Yogamani Senthil, Sistu Ganesh, Denny Patrick, Courtney Jane
School of Electrical & Electronic Engineering, Technological University Dublin, D07 ADY7 Dublin, Ireland.
D2ICE Research Centre, University of Limerick, V94 T9PX Limerick, Ireland.
Sensors (Basel). 2025 Jun 14;25(12):3735. doi: 10.3390/s25123735.
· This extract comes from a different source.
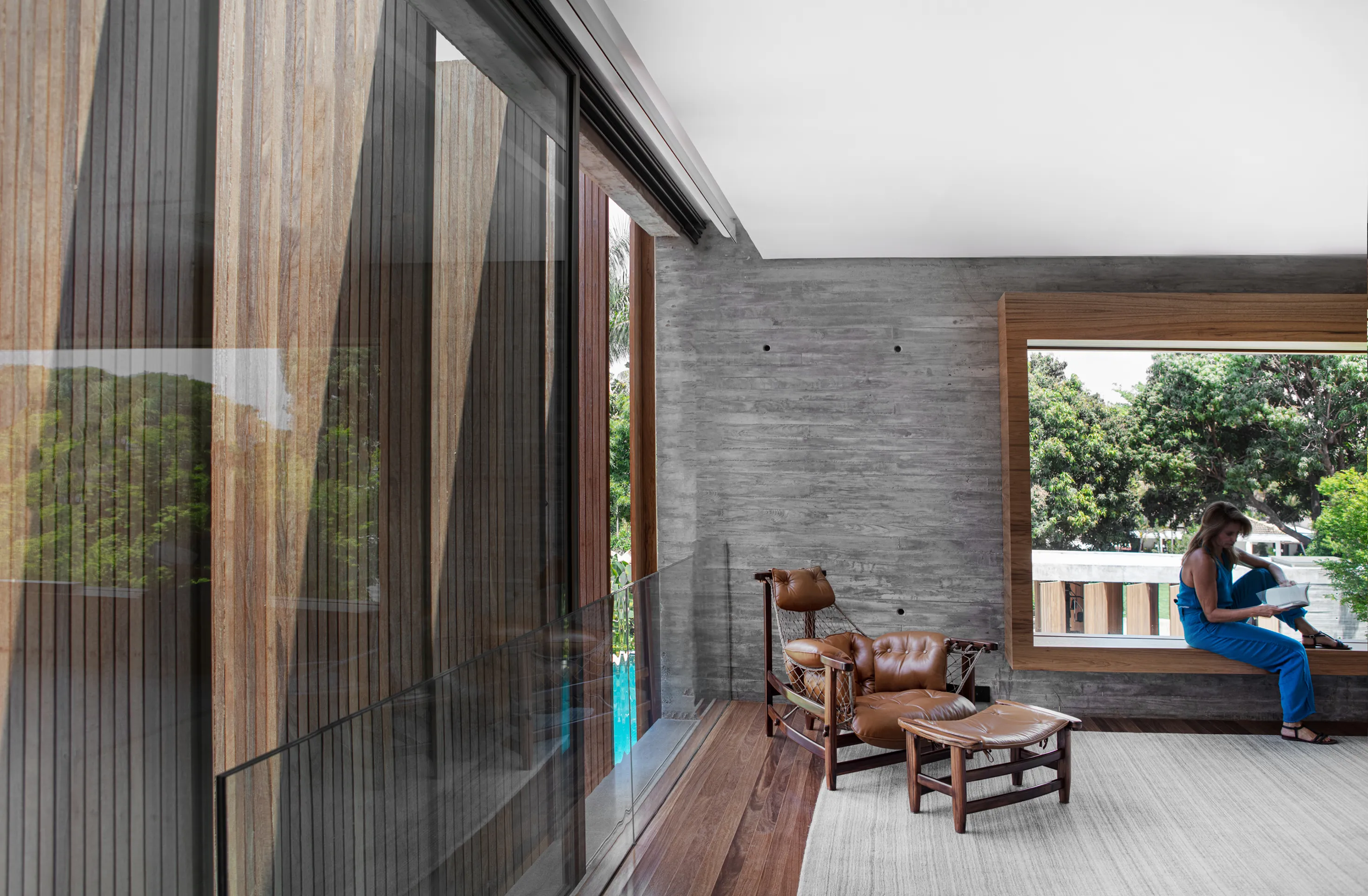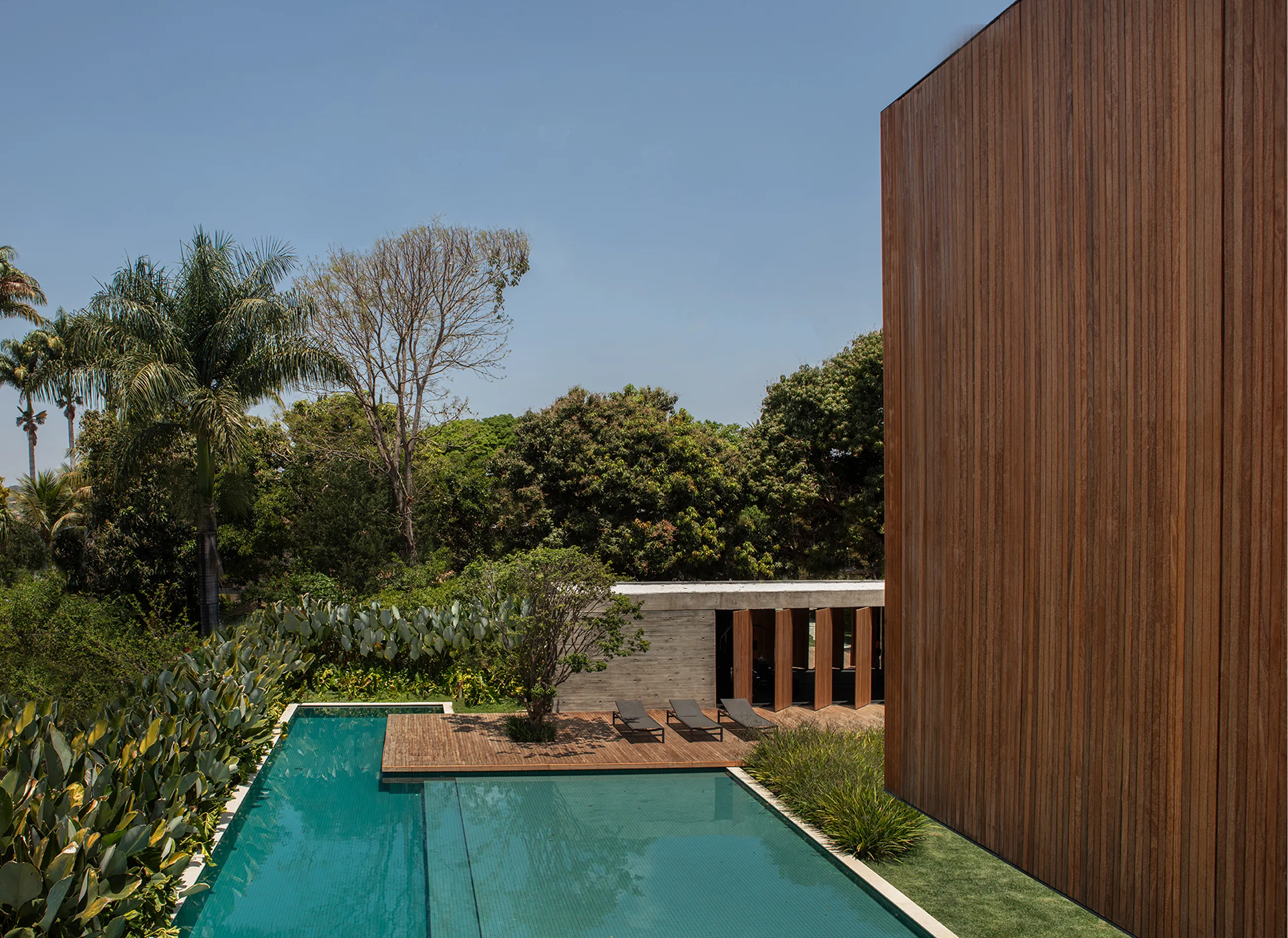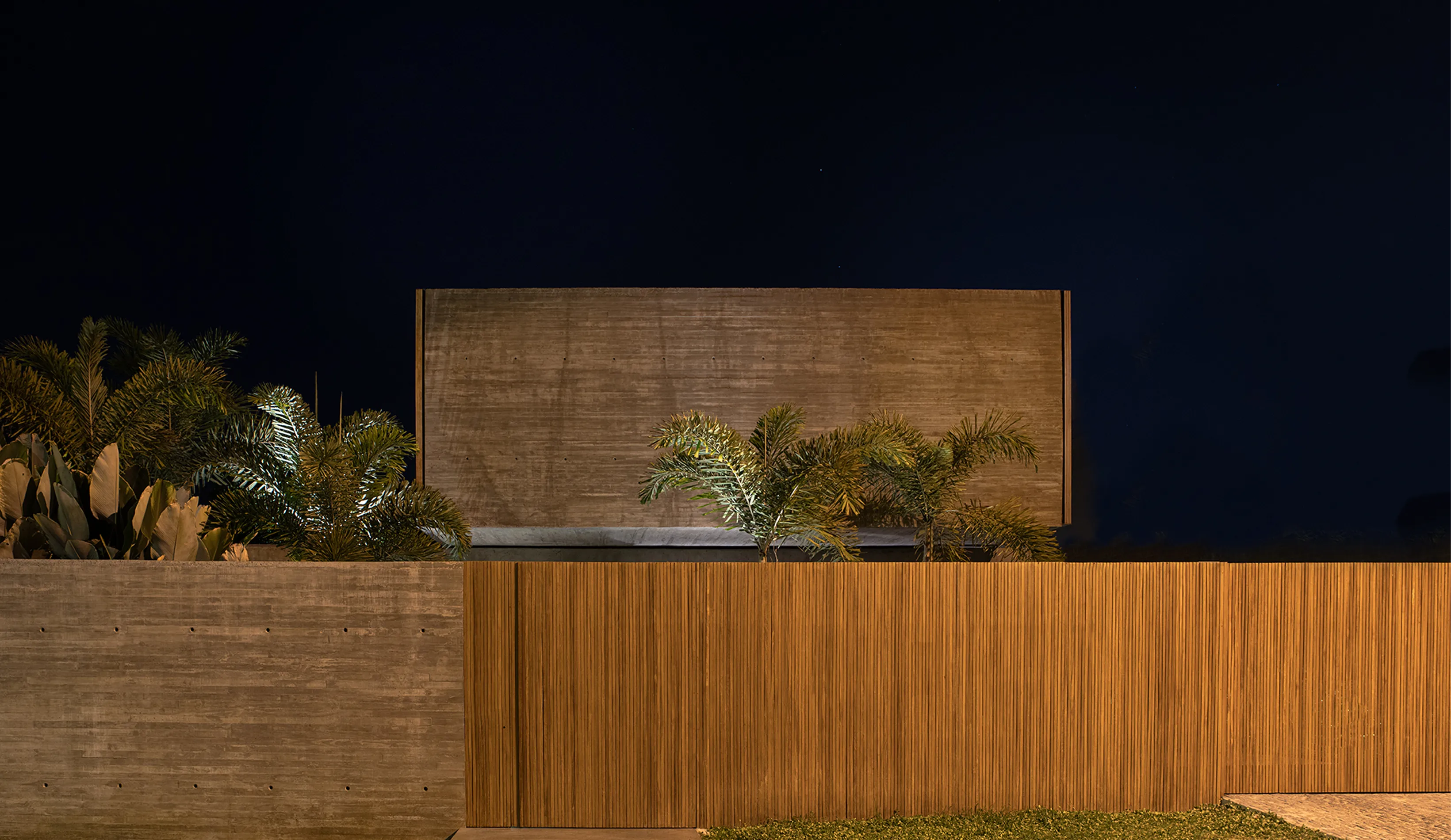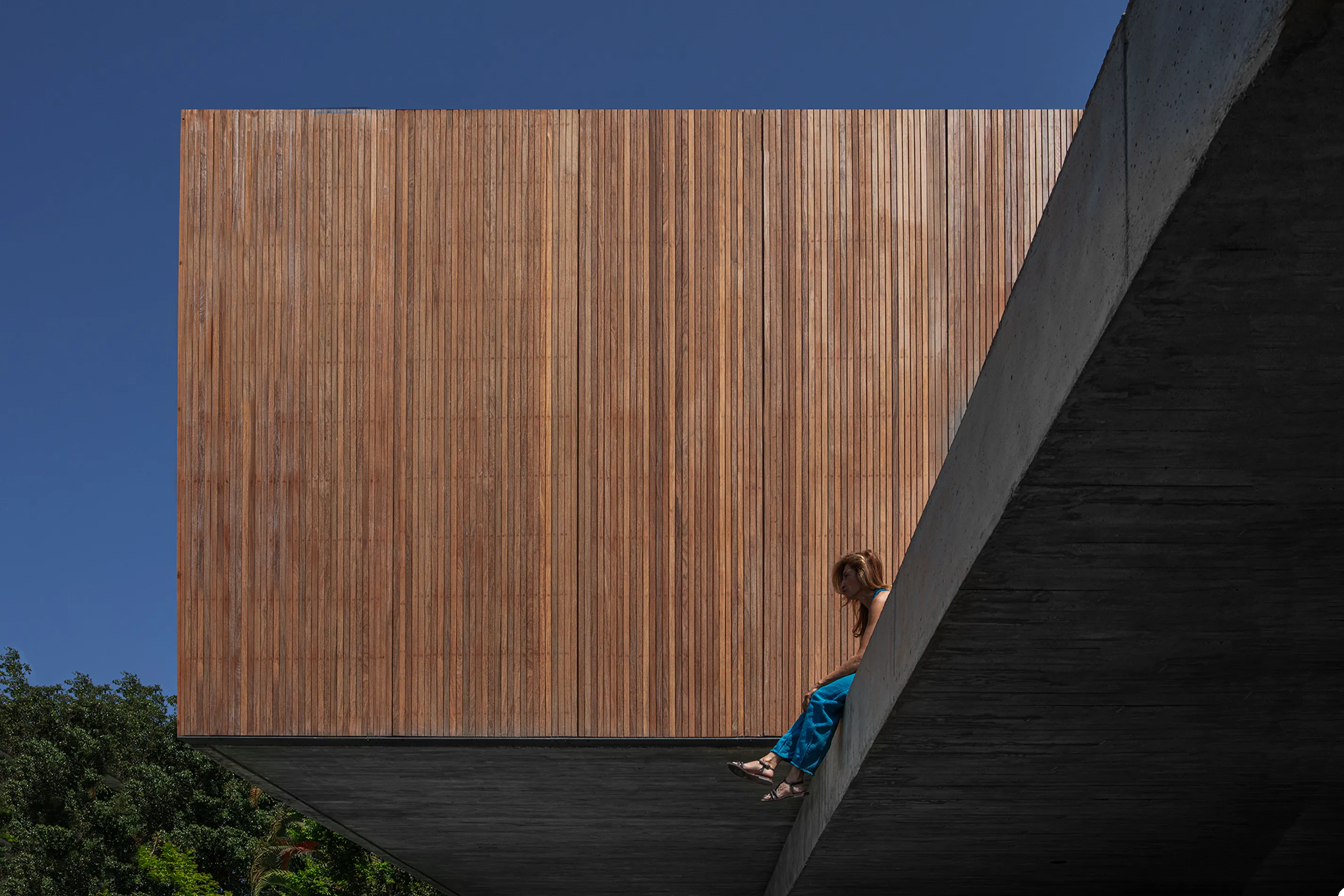 No volume superior, um corpo monolítico em madeira abriga a área íntima e se abre para uma grande varanda contínua voltada ao Lago Paranoá. Esse mirante linear emoldura a vista e garante proteção solar, ao mesmo tempo em que reforça o contraste entre opacidade e transparência — recurso central na composição da fachada. As lajes vazadas e o jogo entre luz e sombra acentuam o rigor construtivo e a leveza dos materiais.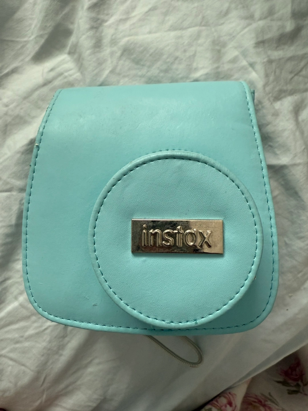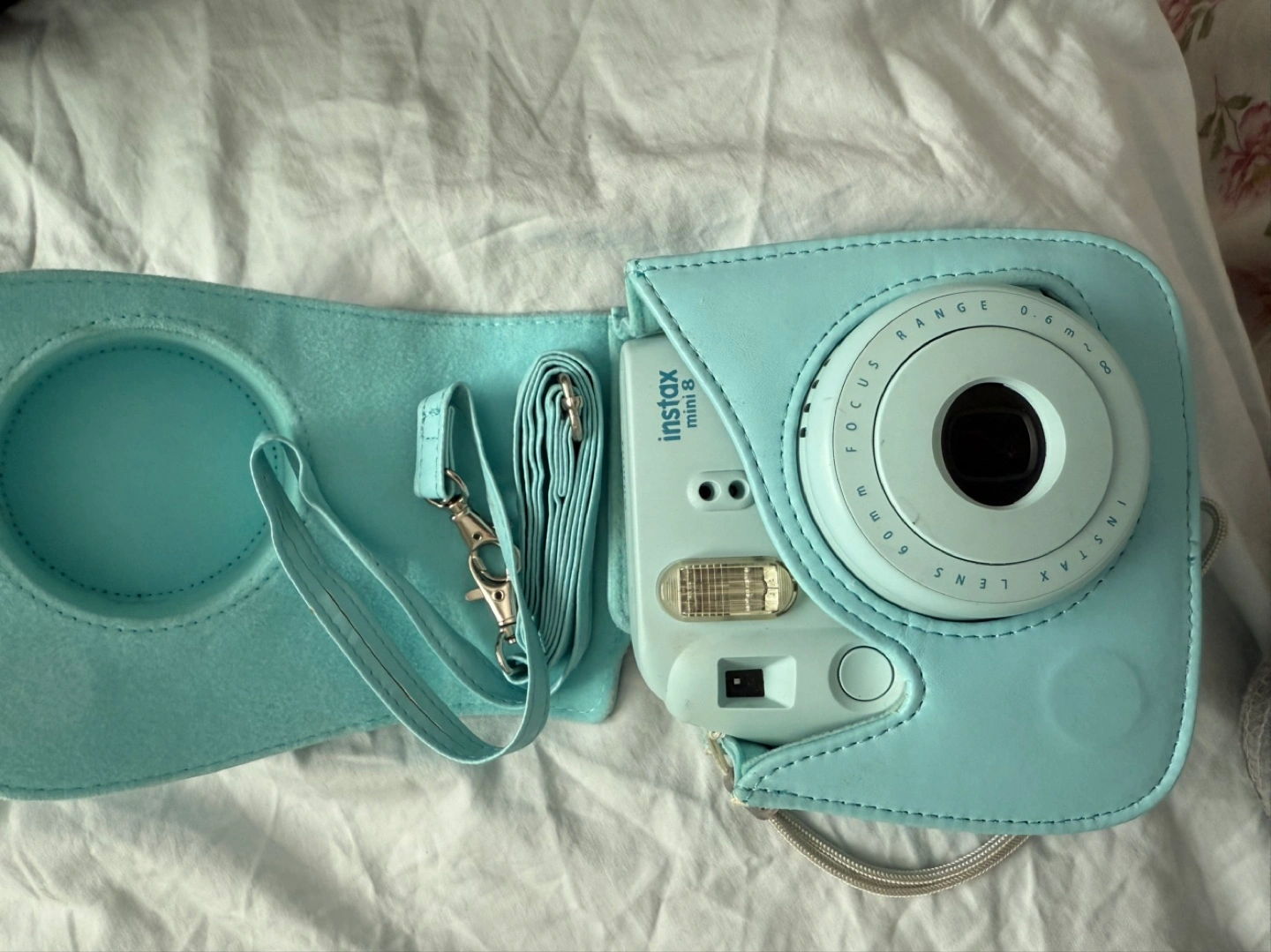 Light blue Instax Mini 8 instant camera. Includes a matching light blue carrying case with a shoulder strap. Perfect for capturing memories on the go.

Object detection is a mature problem in autonomous driving, with pedestrian detection being one of the first commercially deployed algorithms. It has been extensively studied in the literature. However, object detection is relatively less explored for fisheye cameras used for surround-view near-field sensing. The standard bounding-box representation fails in fisheye cameras due to heavy radial distortion, particularly in the periphery. In this paper, a generic object detection framework is implemented using the base YOLO (You Only Look Once) detector to systematically explore various object representations using the public WoodScape dataset. First, we implement basic representations, namely the standard bounding box, the oriented bounding box, and the ellipse. Secondly, we implement a generic polygon and propose a novel curvature-adaptive polygon, which obtains an improvement of 3 mAP (mean average precision) points. A polygon is expensive to annotate and complex to use in downstream tasks; thus, it is not practical to use it in real-world applications. However, we utilize it to demonstrate that the accuracy gap between the polygon and the bounding box representation is very high due to strong distortion in fisheye cameras. This motivates the design of a distortion-aware optimal representation of the bounding box for fisheye images, which tend to be banana-shaped near the periphery. We derive a novel representation called a curved box and improve it further by leveraging vanishing-point constraints. The proposed curved box representations outperform the bounding box by 3 mAP points and the oriented bounding box by 1.6 mAP points. In addition, the camera geometry tensor is formulated to provide adaptation to non-linear fisheye camera distortion characteristics and improves the performance further by 1.4 mAP points.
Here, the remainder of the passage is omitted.